Чехов понимал, что отъединенность людей друг от друга, футлярность и эгоизм замыкают их на самих себе, не выводя существование на объективный, внешний по отношению к самому человеку уровень. Между тем человек нужен другим точно так же, как и эти "другие" нужны ему. Ведь что остается после человека, когда его индивидуальность, его "я" уничтожится смертью? Остается та его часть, что еще при жизни отпечаталась в "не-я", в других судьбах. То есть, как ни тривиально это звучит, но только труд на общее благо есть гарантия личного бессмертия, только его результаты не могут быть устранены фактом физической смерти. И других путей спасения нет.
Вот почему в человеческом сообществе всегда ценится тот, кто видит наименьшую разницу между собою и другими. Кто выполняет простейшую на первый взгляд, но, по сути, самую трудную заповедь Христа: "Возлюби ближнего, как себя самого". Кто щедро дарит людям свой талант художника, музыканта, писателя. Кто по роду занятий служит людям, например учителя и врачи. Чехов полагал: мы должны уподобиться тому мусульманину, что для спасения души копает колодезь. "Хорошо, если бы каждый из нас оставлял после себя школу, колодезь или что-нибудь вроде, чтобы жизнь не проходила и не уходила в вечность бесследно ("Записная книжка IV"). Это не было красивоговорением для Чехова. О том, сколько школ, библиотек и больниц он открыл, мы хорошо помним. Как помним и то, что, пока физически мог, он подвижнически исполнял и свой врачебный долг – вечный "Доктор А.П. Чехов". И как бы это тяжело для него ни было, как бы ни отвлекало от литературной работы, – никогда не прекращал он деятельно заботиться об "аптечках" и "библиотечках", сохраняя в поле своего внимания то, что в высоком штиле называется творением благих дел, по-иному – благотворительностью. И в этом он, скромный и самоироничный, был неизменен. Ему претили высокие слова о гражданской и общественной мудрости, об умении отдать всего себя на общее дело, о привычке к усиленному труду, строгому порядку в занятиях, помыслах и чувствах. Просто он точно знал, что иначе нельзя, что именно это – источник его нравственной бодрости и духовной крепости. То, что переживет его.
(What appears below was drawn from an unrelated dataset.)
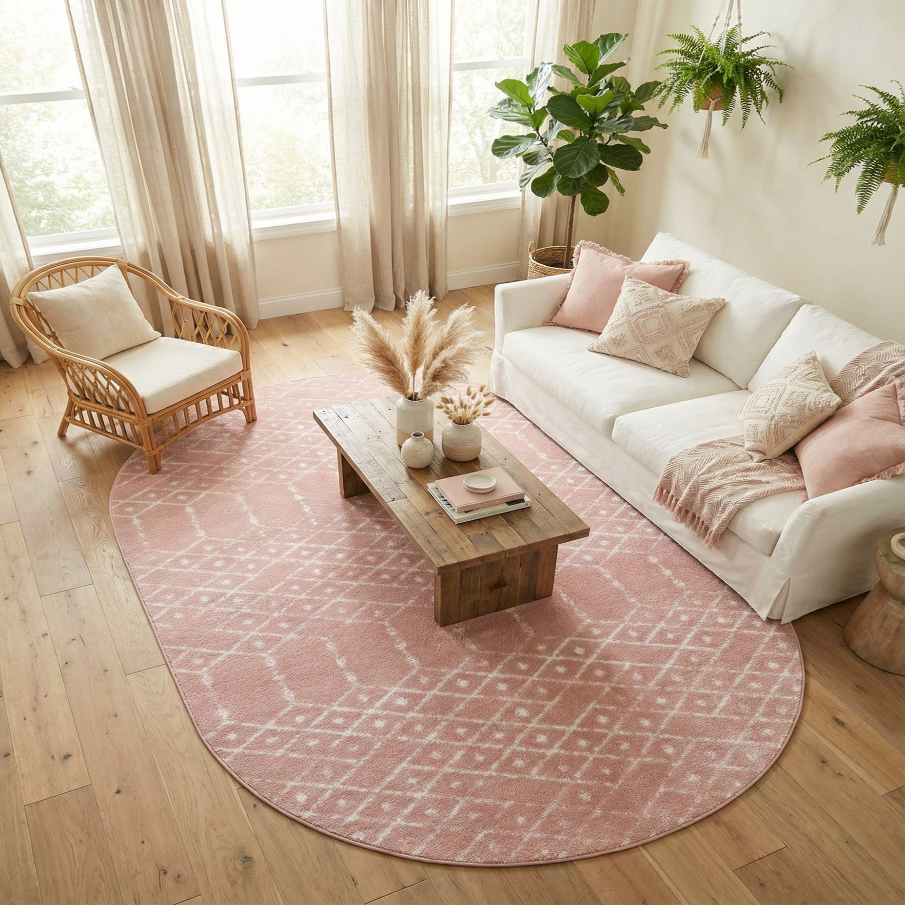Primary color is Rose Pink. Colors in this rug include: Rose Pink, Ivory.

В этой связи вспоминается одна умная сказка о том, как некий отец семейства раскрыл в своем завещании тайну клада, зарытого в саду. После смерти отца его сыновья принялись искать клад. Они тщательно перерыли всю землю. Клада они не нашли. Зато получили богатый урожай плодов. Мудрость отца, как очевидно, заключалась в том, что он косвенно побудил своих нерадивых детей к упорному труду и дал им возможность вкусить результаты своих собственных усилий. Это тоже сокровище, но дорогое вдвойне, ибо сокровище – рукотворное, тобою сотворенное. Его нельзя растратить. Им можно пользоваться всю жизнь и испытывать не только бремя и усталость, но и чувство удовлетворения, радость от плодов и правильно проживаемой жизни. Так мифический клад, обретая очертания румяных земных яблок, становится важнейшим жизненным принципом.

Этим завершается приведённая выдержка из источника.